# DATA SECTION
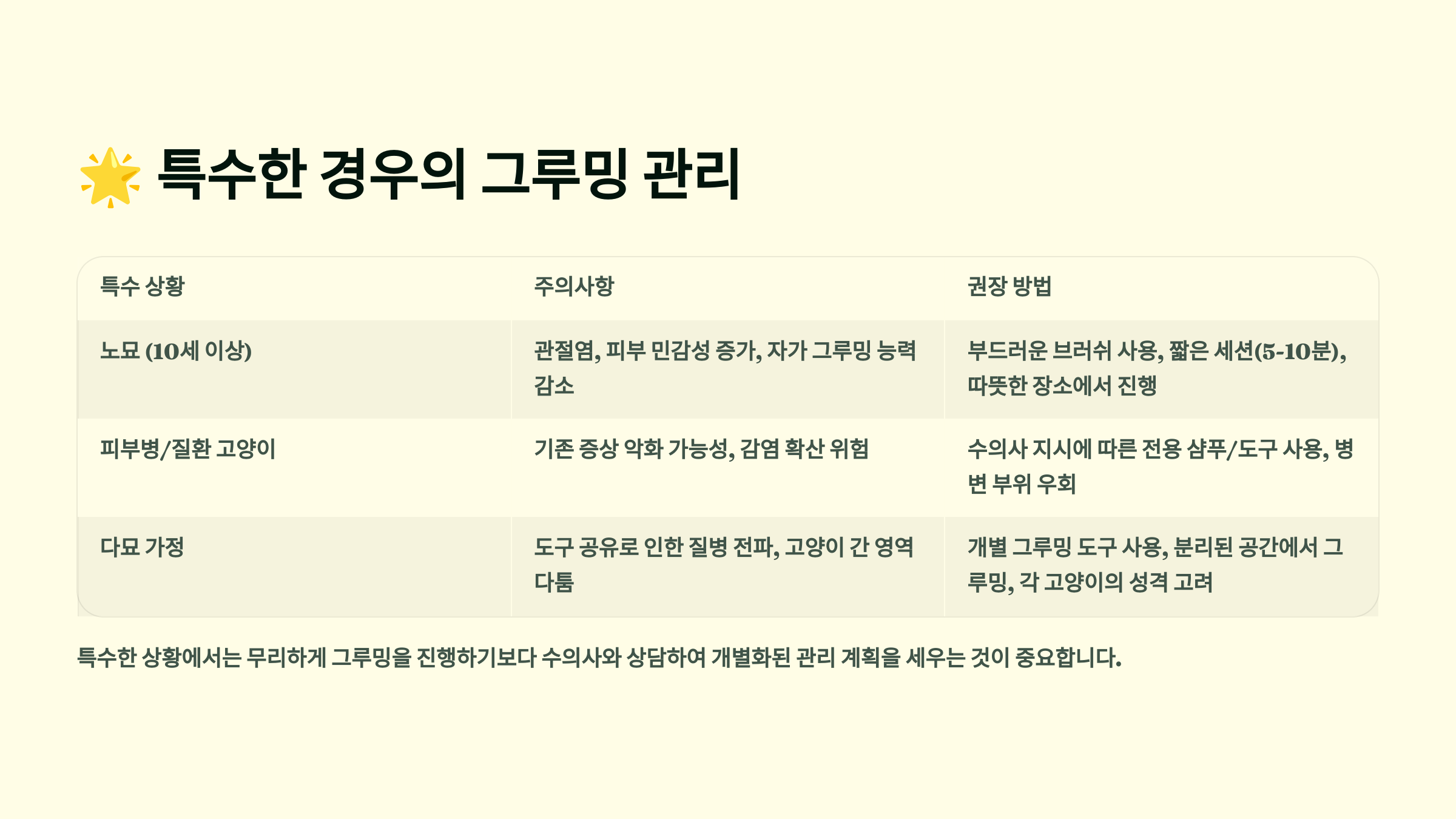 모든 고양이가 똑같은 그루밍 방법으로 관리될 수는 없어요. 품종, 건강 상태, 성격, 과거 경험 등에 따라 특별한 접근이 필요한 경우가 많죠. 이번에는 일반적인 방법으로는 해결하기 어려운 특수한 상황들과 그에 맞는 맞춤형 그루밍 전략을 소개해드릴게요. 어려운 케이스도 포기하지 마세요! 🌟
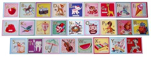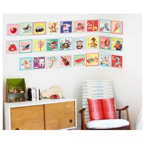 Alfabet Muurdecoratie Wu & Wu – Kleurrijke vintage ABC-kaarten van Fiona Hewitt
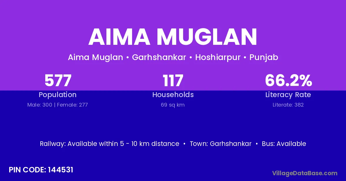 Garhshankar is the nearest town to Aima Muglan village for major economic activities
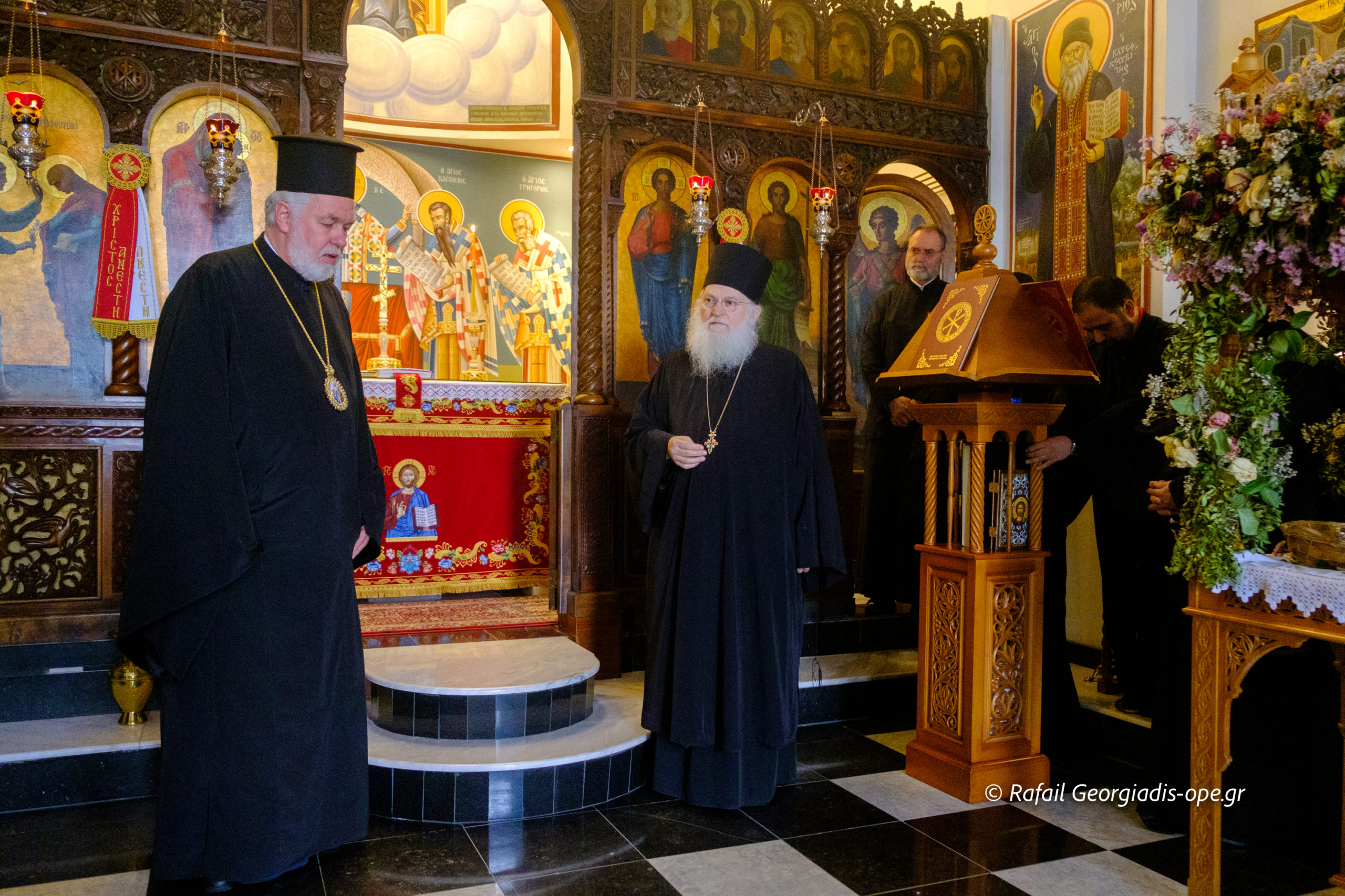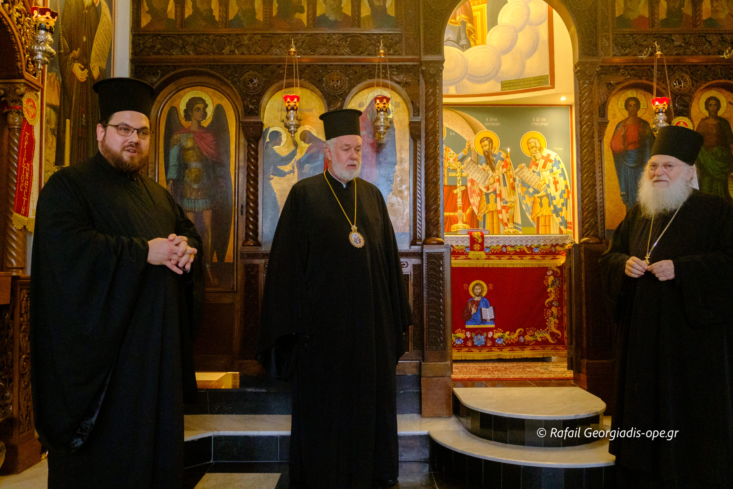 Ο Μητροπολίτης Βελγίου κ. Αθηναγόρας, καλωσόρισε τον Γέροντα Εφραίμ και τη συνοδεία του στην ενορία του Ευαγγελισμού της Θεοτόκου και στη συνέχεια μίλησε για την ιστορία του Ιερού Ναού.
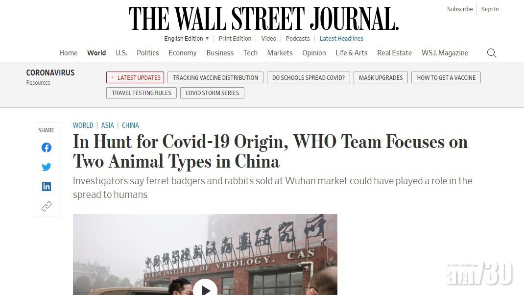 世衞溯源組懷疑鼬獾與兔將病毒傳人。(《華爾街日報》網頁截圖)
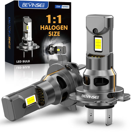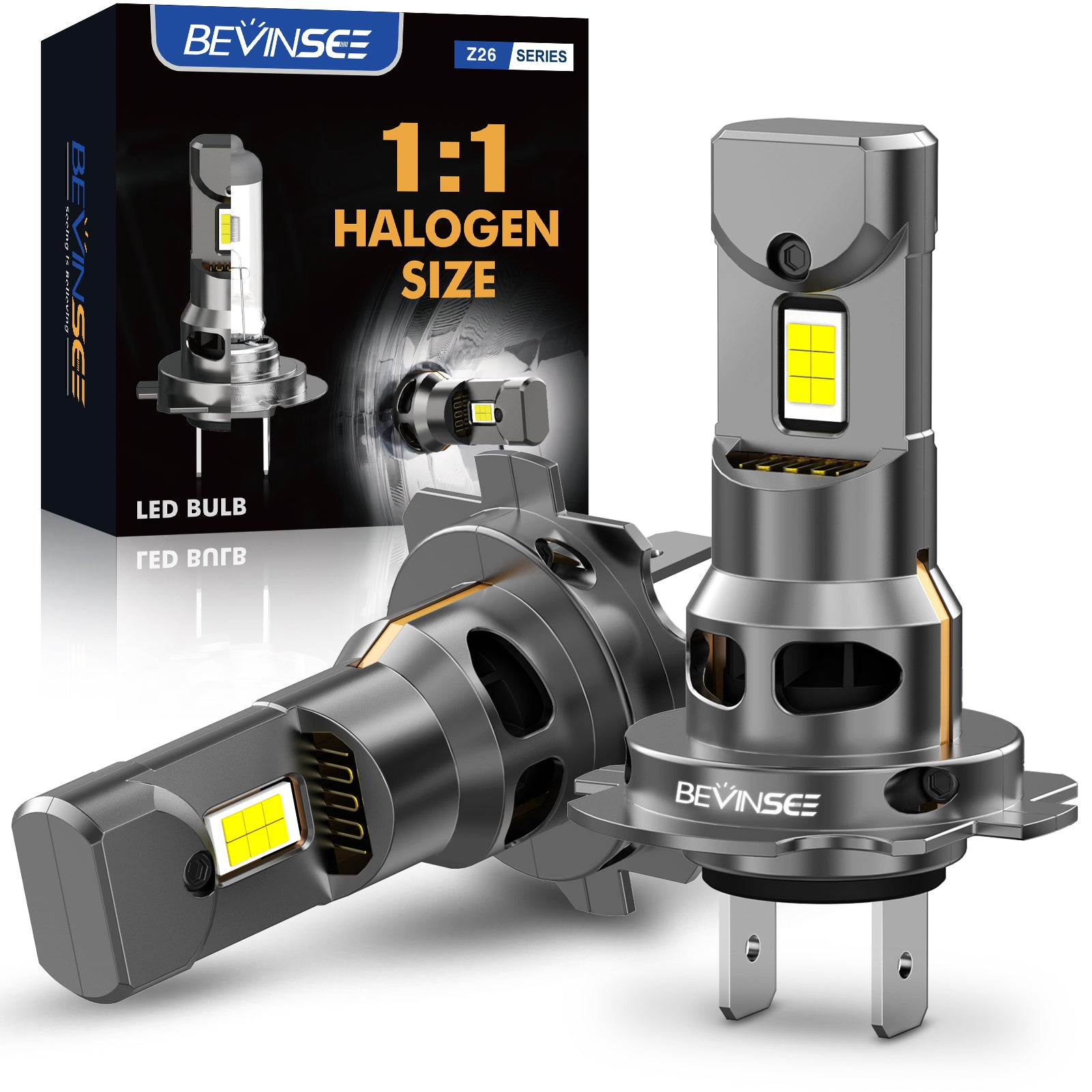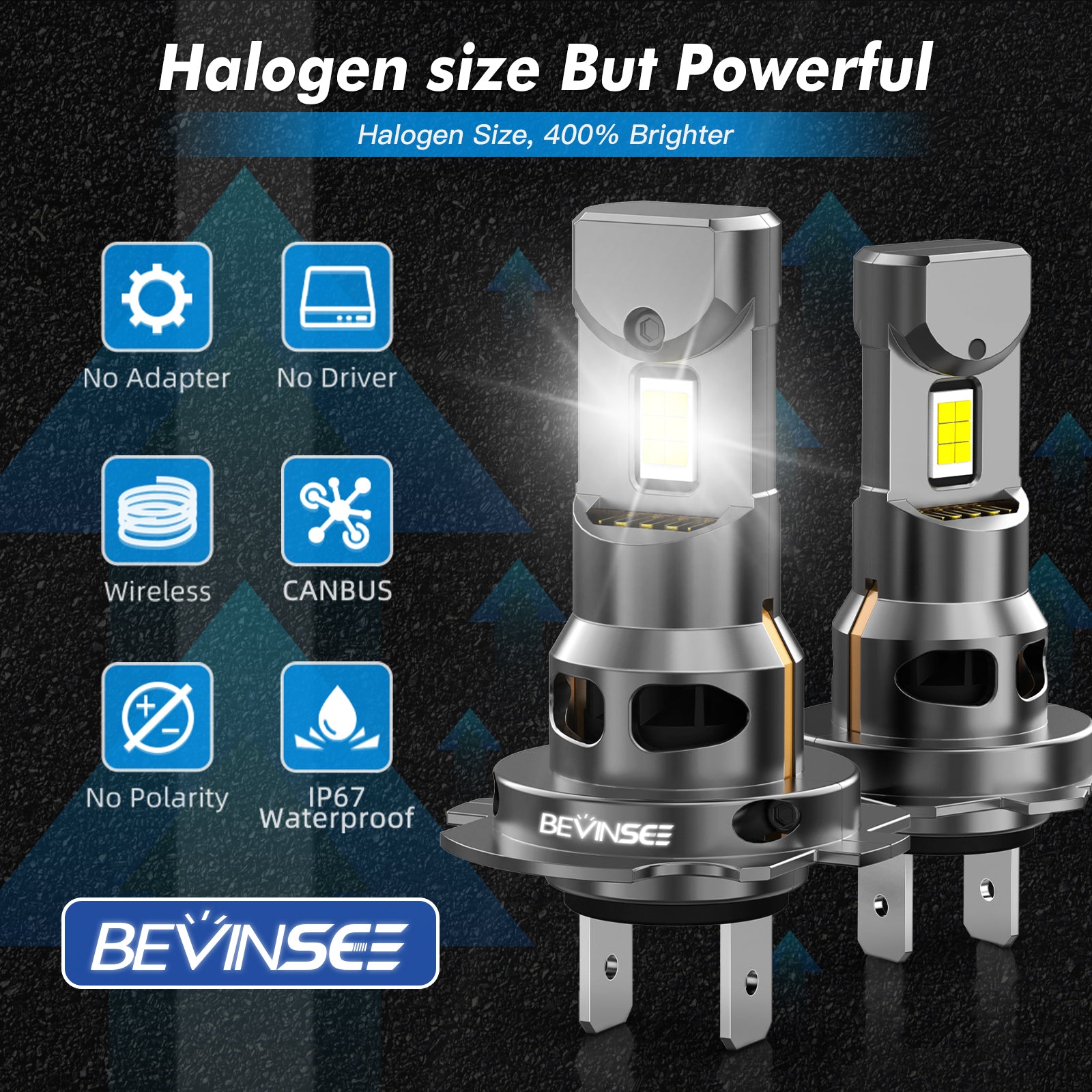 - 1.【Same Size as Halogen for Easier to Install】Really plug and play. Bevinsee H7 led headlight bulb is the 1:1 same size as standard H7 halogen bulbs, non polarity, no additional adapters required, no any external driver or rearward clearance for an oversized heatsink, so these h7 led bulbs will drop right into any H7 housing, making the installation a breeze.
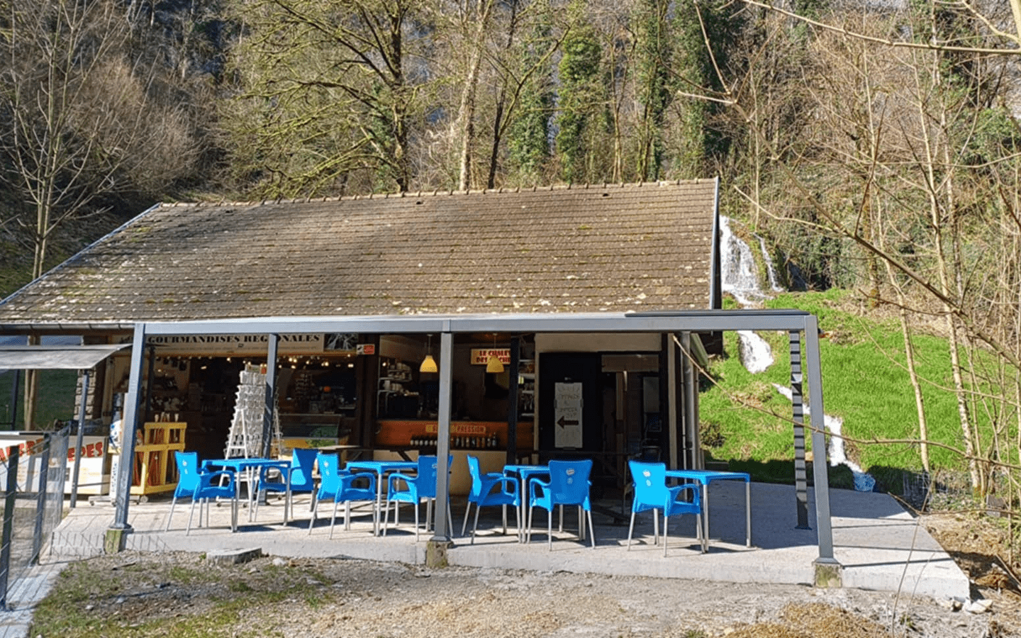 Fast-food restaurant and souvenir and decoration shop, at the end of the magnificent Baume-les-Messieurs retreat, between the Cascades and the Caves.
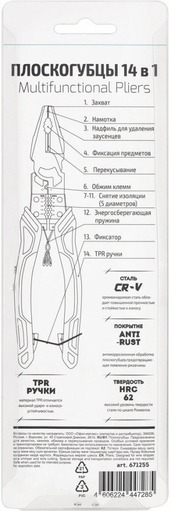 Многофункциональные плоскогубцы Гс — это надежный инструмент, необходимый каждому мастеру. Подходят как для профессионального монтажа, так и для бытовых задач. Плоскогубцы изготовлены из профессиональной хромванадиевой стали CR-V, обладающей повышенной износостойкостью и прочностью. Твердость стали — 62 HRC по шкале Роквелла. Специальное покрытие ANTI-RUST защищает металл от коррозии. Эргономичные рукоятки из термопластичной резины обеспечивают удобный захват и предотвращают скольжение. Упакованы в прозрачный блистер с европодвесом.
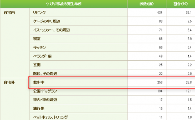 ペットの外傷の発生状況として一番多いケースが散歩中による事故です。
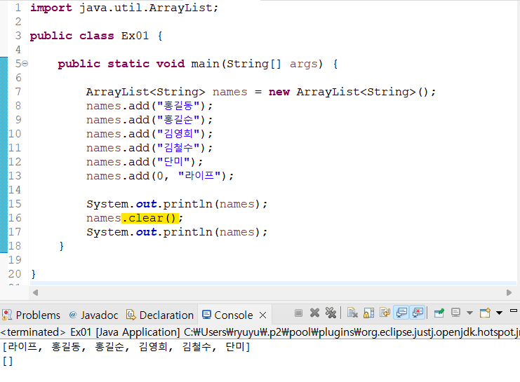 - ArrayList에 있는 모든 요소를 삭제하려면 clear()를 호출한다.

# WHAT IS REQUIRED
Repeat each line of the material exactly, please, and skip every picture.

# ANSWER BOX
 모든 고양이가 똑같은 그루밍 방법으로 관리될 수는 없어요. 품종, 건강 상태, 성격, 과거 경험 등에 따라 특별한 접근이 필요한 경우가 많죠. 이번에는 일반적인 방법으로는 해결하기 어려운 특수한 상황들과 그에 맞는 맞춤형 그루밍 전략을 소개해드릴게요. 어려운 케이스도 포기하지 마세요! 🌟
 Alfabet Muurdecoratie Wu & Wu – Kleurrijke vintage ABC-kaarten van Fiona Hewitt
 Garhshankar is the nearest town to Aima Muglan village for major economic activities
 Ο Μητροπολίτης Βελγίου κ. Αθηναγόρας, καλωσόρισε τον Γέροντα Εφραίμ και τη συνοδεία του στην ενορία του Ευαγγελισμού της Θεοτόκου και στη συνέχεια μίλησε για την ιστορία του Ιερού Ναού.
 世衞溯源組懷疑鼬獾與兔將病毒傳人。(《華爾街日報》網頁截圖)
 - 1.【Same Size as Halogen for Easier to Install】Really plug and play. Bevinsee H7 led headlight bulb is the 1:1 same size as standard H7 halogen bulbs, non polarity, no additional adapters required, no any external driver or rearward clearance for an oversized heatsink, so these h7 led bulbs will drop right into any H7 housing, making the installation a breeze.
 Fast-food restaurant and souvenir and decoration shop, at the end of the magnificent Baume-les-Messieurs retreat, between the Cascades and the Caves.
 Многофункциональные плоскогубцы Гс — это надежный инструмент, необходимый каждому мастеру. Подходят как для профессионального монтажа, так и для бытовых задач. Плоскогубцы изготовлены из профессиональной хромванадиевой стали CR-V, обладающей повышенной износостойкостью и прочностью. Твердость стали — 62 HRC по шкале Роквелла. Специальное покрытие ANTI-RUST защищает металл от коррозии. Эргономичные рукоятки из термопластичной резины обеспечивают удобный захват и предотвращают скольжение. Упакованы в прозрачный блистер с европодвесом.
 ペットの外傷の発生状況として一番多いケースが散歩中による事故です。
 - ArrayList에 있는 모든 요소를 삭제하려면 clear()를 호출한다.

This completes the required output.